Яблоком раздора между автором и Германом оказалось опять-таки зеркало. Указав Герману ошибку, которая и довела его до отчаяния, автор заставил героя присоединить к симметрически задуманным десяти главам его повести сверхурочную, одиннадцатую главу. Эта последняя глава романа состоит из дневниковых записей полусумасшедшего несостоятельного писателя. Своим вмешательством автор-вредитель сдвинул ось симметрии повести, на зеркальной призме которой должны были сходиться координаты всех ее элементов. Он разбил, или по крайней мере сдвинул, зеркало, помещенное Германом между пятой и шестой главой повести. В этом контексте следует понимать и «самую жуткую из примет» — «разбитое зеркало» (III, 411) (начало романа), а также страх зеркалопоклонника, вырождающийся, после провала повести (конец романа), в открытую ненависть Германа к зеркалам:
Зеркала, слава Богу, в комнате нет, как нет и Бога, которого славлю.

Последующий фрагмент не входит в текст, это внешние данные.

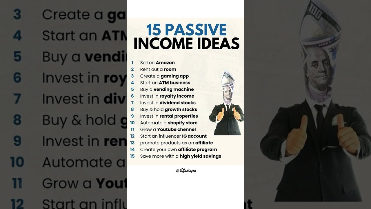 Home Live😎15 Passive Income Ideas: Amazon, rent room, Gaming App, atm business, royalty income🎯 #passive #tip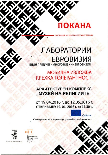 Изложбата „Крехка толерантност“, подготвена от Националния исторически музей – София, е акцентът в Лабораториите „ЕвроВизия“, провеждани в страните-участнички в европейския проект ЕМЕЕ – Германия, Словения, Италия, Португалия, Франция, Австрия и България.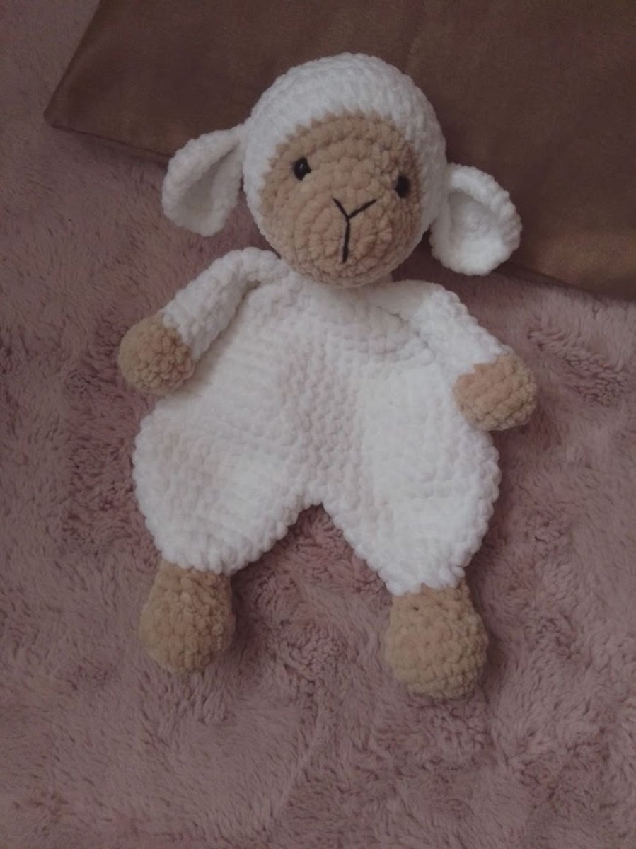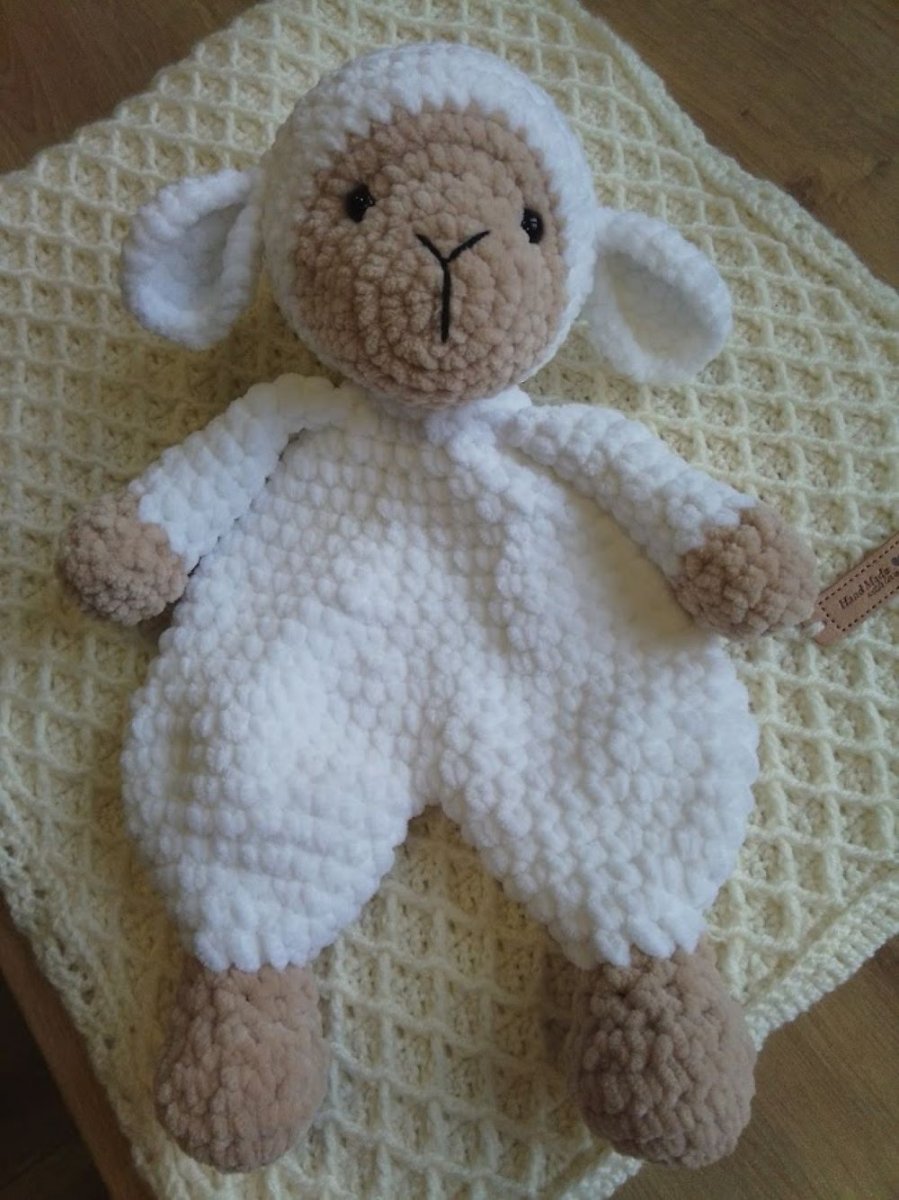 Háčkovaná ovečka - usínáček, muchláček pro miminka z měkoučké žinylkové (polyesterové) příze, výška 33, šířka 24 cm. Doporučuji jemné ruční praní, nesušit v sušičce.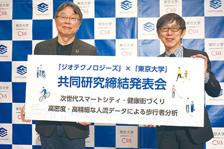 ジオテクノロジーズの杉原博茂社長(左)と東京大学の柴崎亮介教授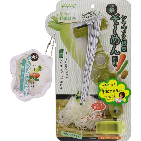 野菜を細長く削り、はるさめやそうめんのように麺状にすることのできるピーラーです。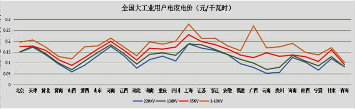 從各個(gè)區(qū)域大工業(yè)用戶電度電價(jià)電壓等級(jí)差異看

(III, 526)В романе «Дар» другой герой-писатель, Федор Годунов-Чердынцев, высказывает по поводу зеркала одну набоковскую мысль. Речь идет об искусстве:
…всякое подлинно новое веяние есть ход коня, перемена теней, сдвиг, смещающий зеркало.
(IV, 417)Этим «сдвигом зеркала» в повести Германа Набоков по-своему создал новое равновесие в романе и тем самым окончательно восстановил свою власть, временно захваченную литературным самозванцем Германом. Этим сдвигом положены конец повести Германа и начало романа Набокова. Успех автора-вредителя окончательно решает вопрос об авторстве.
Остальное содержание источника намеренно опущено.